Read it! — 4 years ago
This book was all kinds of awesome… and for so many reasons. The basic premise is that Marcus and his friends ditch school and head to downtown San Francisco to play an alternate reality game. In the midst of the game, terrorists attack the city, and Marcus and friends are picked up by the Department of Homeland Security as suspects. After being interrogated and tortured, the teens are released, and Marcus decides to take on the DHS.
This story pays homage to one of my favorite books, 1984. What makes it so much more creepy is that its easy to see this plot happening in the world right now – from the methods DHS uses to monitor citizens to the false sense of security Marcus’s dad feels to the ease with which the teens break the system. It also using LARPing and even makes it look cool, which is nigh-impossible.

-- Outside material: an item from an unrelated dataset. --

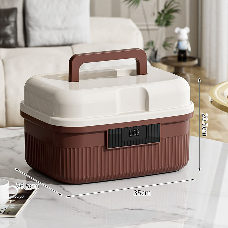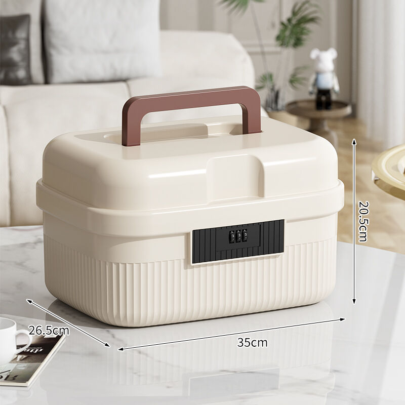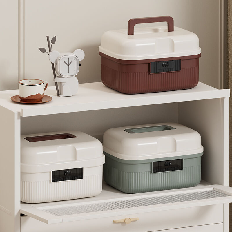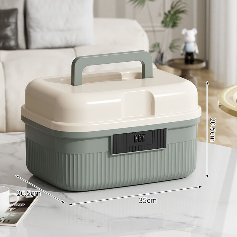 二層式コンパートメントを備えたコストパフォーマンスに優れた収納ボックスで、携帯性とスタッキング可能なデザイン、3桁のダイヤル式組み合わせロック、防塵・防湿機能を備え、家庭用救急キット、書類、オフィス用途などにおけるプライバシー保護付き収納を実現します。
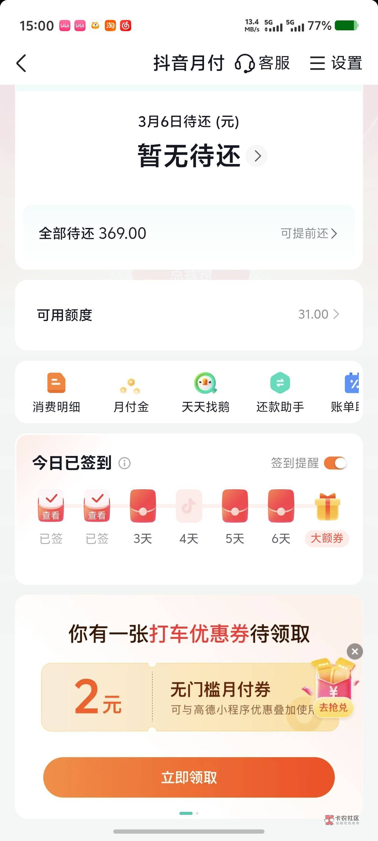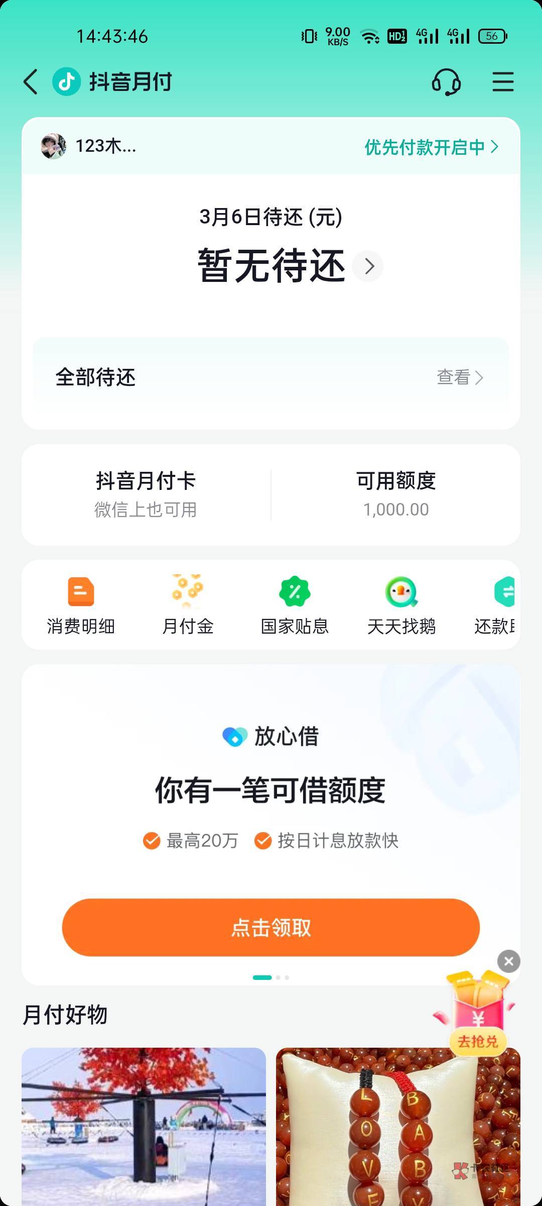 抖音月付卡,点啊倒是

Several of the quotes on the cover encourage people to make this book required reading – and I agree. I love a book where I end up learning about and enjoying something I would never voluntarily read about. This book is chock full of history lessons about the U.S., political movements, and technologies ranging from cryptography to RFIDs to the xBox. Doctorow takes the time to explain the tech his characters use to break the system, showing that nothing is hack-proof and that we need to be aware of it. I wonder, though, if someone who has no experience with tech would get all of these explanations – I know I felt a little lost with the tunneling bit. However, if you’re feeling out of sorts with the Xnet and jamming and gait-recognition, you’ll still understand the sense of outrage and desperation that Marcus feels as he watches the Bay Area become a police state where teens and minorities are always suspects.